How to deal with the demultiplexed and quality controlled data

Dear all,

I got a set of pair end data, which is demultiplexed, with low quality sequence removed, adaptor, barcode and primer trimmed, but haven't been joined yet.

As I know (I am not sure actually), DADA2 has its own algorithm to remove the low quality sequence and to join the read1 and read2, generating representative sequence for the downstream analysis. So I think the best data for DADA2 may be the demultiplexed data with only barcode and primer trimmed. But what can I do with my data which has been quality controlled?

I do tried to import the the data and applied the DADA2, but got the unsatisfied results because almost 30% of the sequences were removed:

May I know is there any other way I can obtain the representative sequence and the feature table from my data?

Thanks for all the ideas and suggestions!!

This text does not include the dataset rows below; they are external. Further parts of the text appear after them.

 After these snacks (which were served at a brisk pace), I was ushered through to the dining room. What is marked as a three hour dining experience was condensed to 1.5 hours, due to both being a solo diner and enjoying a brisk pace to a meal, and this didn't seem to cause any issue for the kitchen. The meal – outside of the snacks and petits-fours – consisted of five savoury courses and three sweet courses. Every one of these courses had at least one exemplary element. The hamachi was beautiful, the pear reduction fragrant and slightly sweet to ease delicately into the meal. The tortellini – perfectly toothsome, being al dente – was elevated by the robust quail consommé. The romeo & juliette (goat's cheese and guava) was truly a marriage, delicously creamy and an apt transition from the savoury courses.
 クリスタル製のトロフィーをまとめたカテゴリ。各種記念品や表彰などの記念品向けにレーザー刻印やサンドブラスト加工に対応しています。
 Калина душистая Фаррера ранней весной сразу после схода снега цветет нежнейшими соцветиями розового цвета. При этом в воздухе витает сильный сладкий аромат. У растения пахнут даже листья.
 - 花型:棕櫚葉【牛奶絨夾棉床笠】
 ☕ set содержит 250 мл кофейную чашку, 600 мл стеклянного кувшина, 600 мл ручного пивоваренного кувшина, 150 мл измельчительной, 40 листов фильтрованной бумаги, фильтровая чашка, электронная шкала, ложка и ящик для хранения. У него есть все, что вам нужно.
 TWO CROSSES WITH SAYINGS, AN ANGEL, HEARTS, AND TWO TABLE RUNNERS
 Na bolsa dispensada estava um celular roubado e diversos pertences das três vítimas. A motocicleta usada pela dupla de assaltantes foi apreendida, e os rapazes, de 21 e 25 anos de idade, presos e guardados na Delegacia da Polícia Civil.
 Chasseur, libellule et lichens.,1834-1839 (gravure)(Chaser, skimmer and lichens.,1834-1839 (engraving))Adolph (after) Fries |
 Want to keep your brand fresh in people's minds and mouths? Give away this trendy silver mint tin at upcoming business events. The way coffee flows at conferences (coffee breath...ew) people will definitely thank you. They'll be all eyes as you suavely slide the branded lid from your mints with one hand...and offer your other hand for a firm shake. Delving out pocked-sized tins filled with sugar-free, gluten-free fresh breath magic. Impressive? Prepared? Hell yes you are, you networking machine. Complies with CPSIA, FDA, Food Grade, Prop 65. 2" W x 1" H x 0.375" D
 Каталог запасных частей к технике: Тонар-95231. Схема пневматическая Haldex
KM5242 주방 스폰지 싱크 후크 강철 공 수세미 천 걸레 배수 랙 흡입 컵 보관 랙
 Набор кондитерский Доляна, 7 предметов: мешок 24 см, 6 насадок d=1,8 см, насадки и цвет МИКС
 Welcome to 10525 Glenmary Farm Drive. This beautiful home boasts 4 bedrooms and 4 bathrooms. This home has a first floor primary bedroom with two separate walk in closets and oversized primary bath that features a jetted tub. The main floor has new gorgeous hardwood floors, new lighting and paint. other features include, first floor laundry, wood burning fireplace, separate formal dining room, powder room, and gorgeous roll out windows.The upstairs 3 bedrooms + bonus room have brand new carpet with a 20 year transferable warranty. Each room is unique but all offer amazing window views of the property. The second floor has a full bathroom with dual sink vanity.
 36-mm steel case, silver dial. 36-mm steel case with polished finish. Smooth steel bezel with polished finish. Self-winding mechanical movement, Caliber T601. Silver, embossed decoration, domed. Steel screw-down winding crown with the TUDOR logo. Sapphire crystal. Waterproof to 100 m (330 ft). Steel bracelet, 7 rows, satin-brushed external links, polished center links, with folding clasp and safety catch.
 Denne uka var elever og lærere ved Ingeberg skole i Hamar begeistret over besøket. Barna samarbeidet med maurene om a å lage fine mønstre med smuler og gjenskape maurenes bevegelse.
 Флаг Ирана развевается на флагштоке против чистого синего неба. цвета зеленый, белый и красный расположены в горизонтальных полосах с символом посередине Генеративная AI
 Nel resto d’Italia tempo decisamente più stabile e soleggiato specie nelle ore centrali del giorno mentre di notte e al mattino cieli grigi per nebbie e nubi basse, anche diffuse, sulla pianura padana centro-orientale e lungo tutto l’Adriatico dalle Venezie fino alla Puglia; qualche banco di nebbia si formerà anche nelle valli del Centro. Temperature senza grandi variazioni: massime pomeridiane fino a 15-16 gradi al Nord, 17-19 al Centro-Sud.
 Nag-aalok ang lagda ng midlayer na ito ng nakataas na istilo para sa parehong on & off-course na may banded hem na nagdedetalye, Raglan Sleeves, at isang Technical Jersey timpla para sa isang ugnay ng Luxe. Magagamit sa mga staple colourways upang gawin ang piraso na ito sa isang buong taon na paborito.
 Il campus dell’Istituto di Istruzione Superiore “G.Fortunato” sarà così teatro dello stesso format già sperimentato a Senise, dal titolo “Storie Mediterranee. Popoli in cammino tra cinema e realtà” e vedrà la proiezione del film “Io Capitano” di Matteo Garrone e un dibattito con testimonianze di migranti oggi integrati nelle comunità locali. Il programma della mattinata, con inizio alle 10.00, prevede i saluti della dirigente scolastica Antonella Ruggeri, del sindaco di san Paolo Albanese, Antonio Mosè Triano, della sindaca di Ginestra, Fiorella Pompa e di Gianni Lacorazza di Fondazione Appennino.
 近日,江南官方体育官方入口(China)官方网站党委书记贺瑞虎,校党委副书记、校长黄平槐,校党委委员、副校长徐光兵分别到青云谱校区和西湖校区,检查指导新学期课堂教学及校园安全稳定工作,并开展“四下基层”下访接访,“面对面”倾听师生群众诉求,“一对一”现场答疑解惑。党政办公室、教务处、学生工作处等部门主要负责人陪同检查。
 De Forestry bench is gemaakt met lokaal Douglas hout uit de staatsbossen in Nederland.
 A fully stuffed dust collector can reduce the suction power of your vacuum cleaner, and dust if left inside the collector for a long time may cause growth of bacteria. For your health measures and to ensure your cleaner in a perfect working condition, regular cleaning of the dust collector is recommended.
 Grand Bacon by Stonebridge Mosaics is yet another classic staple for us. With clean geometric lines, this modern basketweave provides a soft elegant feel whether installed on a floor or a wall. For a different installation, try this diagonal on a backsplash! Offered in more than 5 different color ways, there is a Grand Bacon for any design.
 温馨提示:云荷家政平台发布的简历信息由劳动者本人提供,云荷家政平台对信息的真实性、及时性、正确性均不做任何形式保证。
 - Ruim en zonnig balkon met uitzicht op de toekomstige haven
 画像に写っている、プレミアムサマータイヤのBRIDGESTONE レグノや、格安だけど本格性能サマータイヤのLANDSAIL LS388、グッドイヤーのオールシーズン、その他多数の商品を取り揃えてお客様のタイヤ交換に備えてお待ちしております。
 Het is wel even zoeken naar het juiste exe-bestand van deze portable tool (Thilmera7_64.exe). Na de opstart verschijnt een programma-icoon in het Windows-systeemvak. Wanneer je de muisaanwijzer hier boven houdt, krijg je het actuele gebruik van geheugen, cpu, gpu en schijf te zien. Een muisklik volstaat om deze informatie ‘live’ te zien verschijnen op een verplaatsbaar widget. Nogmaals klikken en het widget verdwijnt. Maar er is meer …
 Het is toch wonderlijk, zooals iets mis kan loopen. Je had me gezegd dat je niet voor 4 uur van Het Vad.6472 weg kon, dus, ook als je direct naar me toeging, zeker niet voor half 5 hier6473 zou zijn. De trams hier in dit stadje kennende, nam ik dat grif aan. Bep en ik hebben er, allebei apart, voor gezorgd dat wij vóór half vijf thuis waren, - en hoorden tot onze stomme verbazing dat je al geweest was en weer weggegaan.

Yes, dada2 denoises the sequences, i.e., it builds an error model of the sequences to predict and correct errors that it finds. Sounds like the best place to start is reading the original publication for dada2

Sounds like your data has most likely just been filtered based on Q scores. It is probably still okay to run this through dada2.

That is actually very normal for dada2. 30% sounds high, but I have seen higher and this should not be unsatisfying! Let’s pick this apart:

  1. ~5% is being dropped at the “filtered” stage — dada2 does an initial pass to filter low quality sequences based on Q score.
  2. Looks like none are being dropped during denoising.
  3. 5-10% are being dropped during merging. Check around on this forum — there are lots of posts for troubleshooting merging issues — but make sure you are trimming at the right spots and you have ample sequence left over for 20+ nt of overlap between forward and reverse reads. Sounds like you may be using qiime1-style quality filtering, which will also be trimming reads where quality drops off. This can be problematic for attempting to merge sequences if they are being truncated too much!
  4. Another ~5% are being identified as chimera.

So all in all this looks like a reasonable filtering profile, given that error and chimera can be rife. If I were you, I would try to fix the merging issue to increase yields, but I might not try too hard — if you are using qiime1-style quality filtering these are probably just sequences that have low quality appearing earlier on in the read and may just be filtered by dada2 anyway if you attempt to truncate them less prior to dada2.

Good luck!

Thank you very much for the suggestions!!

This topic was automatically closed 31 days after the last reply. New replies are no longer allowed.